Somebody Should Go to Jail
The Distributed Common Ground System (DCGS) is a direct descendant of the failed U.S. Army Future Combat System Program (FCS) which was cancelled in 2009 after a cost of some $18 billion dollars. The goals of the FCS Program were always somewhat ambiguous, but included the concept of “Network Centric Warfare”; the principal military advocate of which was the late Admiral Arthur Cebrowski (U.S. Navy). Since his death his total vision of Network Centric Warfare (NCW) has found no strong advocate, but one component of NCW has been adopted by both the U.S. Navy and the Air Force namely an information focused command and control system under the acronym of C4ISR (Command, Control, Communications, Computers (C4) Intelligence, Surveillance, Reconnaissance (ISR)).
(See Network-Centric Warfare by Norman Friedman (Naval Institute Press 2009))

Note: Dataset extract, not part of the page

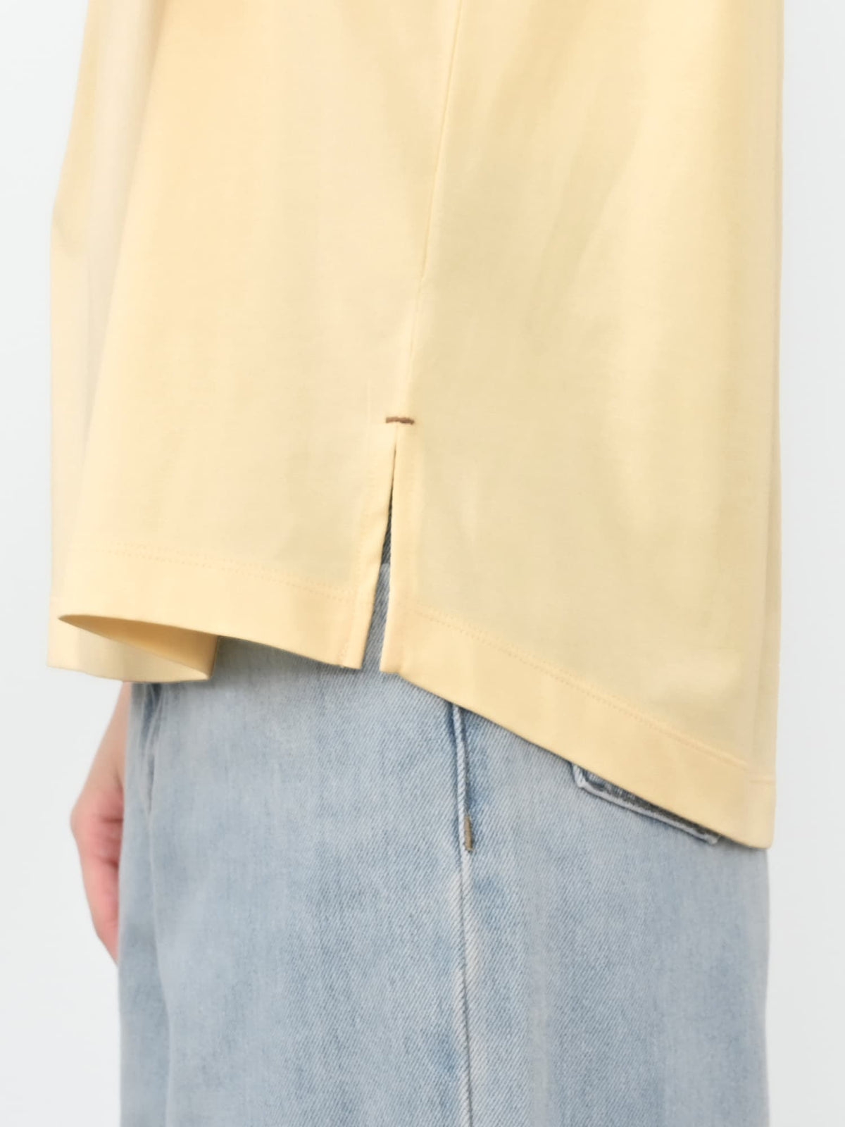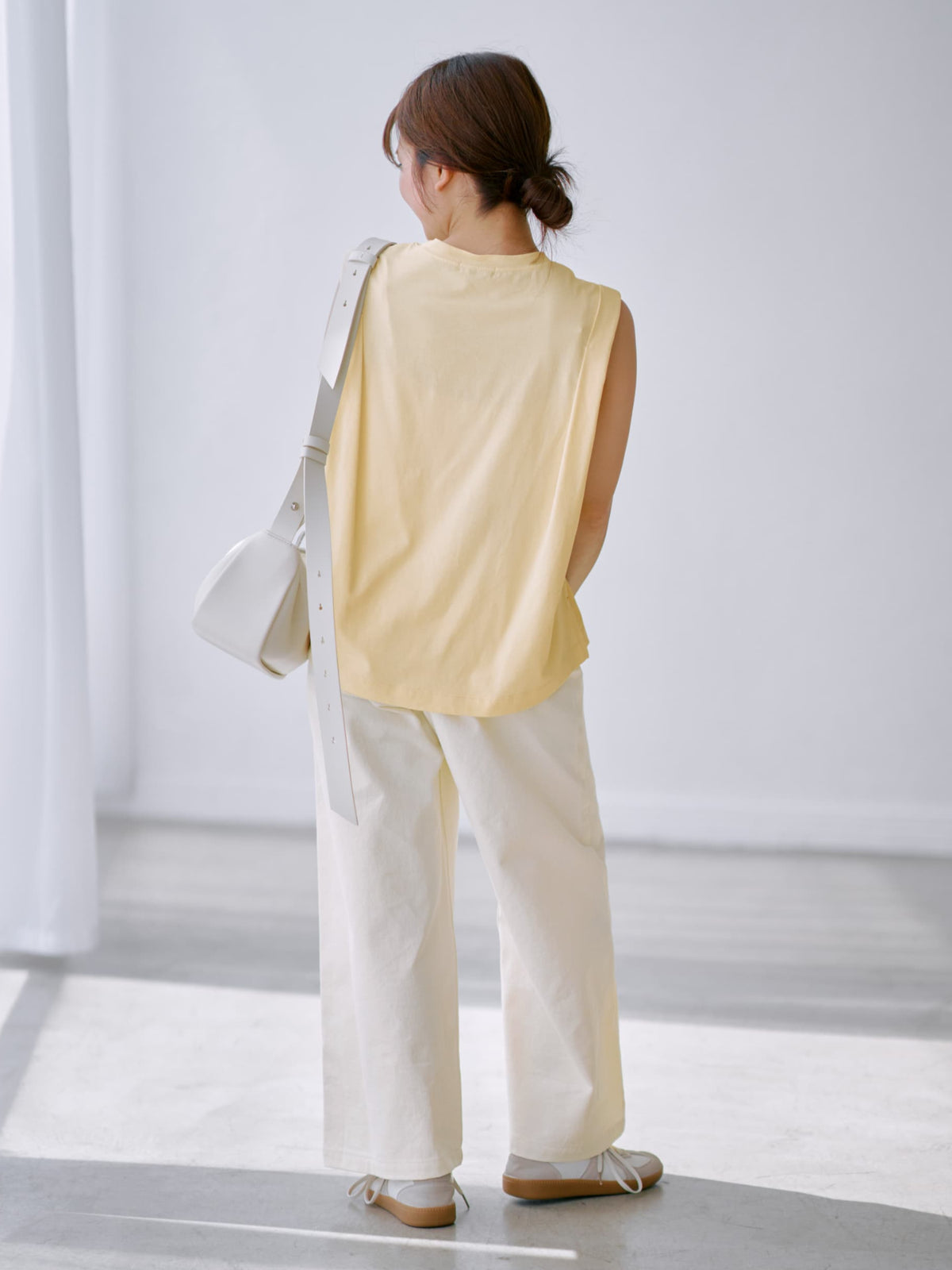 スリットのステッチを配色にすることで、さりげないアクセントに。程よくゆとりのあるデザインで、大人カジュアルな抜け感コーデが決まります◎

Since each of the U.S. Military Services operate in a vacuum, to my knowledge the U.S. Army never approached either the Navy or the Air Force to share their experiences with NCW before or after launching the FCS Program. The DCGS is of course the information management component of a C4ISR decision making system. From the sound of it the U.S. Army spent over $2 billion dollars on an information system that not only did not benefit from Navy or Air Force experiences with similar systems, but whose designer had no understanding the basic analytic needs of troops who were going to use the system. Indeed the various program managers apparently did not talk to each other let alone the analysts in the field that were going to use it. This is all the more inexcusable because ten years ago the necessary applications to retrieve multi-source data, organize it, and display it using GIS was already in use. (I and many other analysts routinely used this combination for analysis and production.) To design a system today which cannot do this with ease is criminally incompetent. This is what happens when the Military Services, in this case, the U.S. Army are devoid of institutional memory and operate in nearly complete isolation. This is an area where the near somnolent Joint Chiefs ought to act, but are clearly too wrapped up in enhancing their own parochial interests.

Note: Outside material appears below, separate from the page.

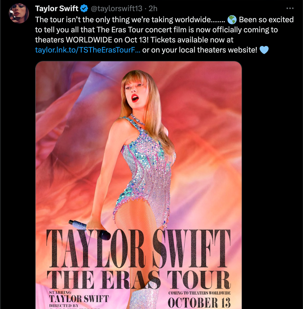 Y aunque nos encantaría confirmar que agregó más fechas de su gira, no se trata de esa clase de noticias. A través de redes sociales la también actriz de Amsterdam y Cats hizo oficial que la película The Eras Tour llegará a más de 100 países a partir del 13 de octubre.

Phi Beta Iota: The above remarks were inspired by DefDog: US Army Blows Intelligence Computing (Again)…. All signs point toward the complete collapse of the US Government, including the Department of Defense (DoD), as a legitimate capable entity in both international and domestic state and local eyes. More and more we are seeing hybrid constellations that have come to the realization that they cannot trust the US Government, they cannot rely on the US Government for valid actionable information or intelligence (decision-support), and they need not fear the US Government as long as they are “not an expensive enough problem.” We now look to selected Governors, chambers of commerce, universities, professional associations, and perhaps a few enlightened national governments to begin shaping the new world network. Through its own arrogance and ignorance, the US Government has cut itself off from reality and is unable to adapt to the new paradigm where sharing rather than secrecy, integrity rather than ideology, and intelligence rather than force, are the new rules of the game.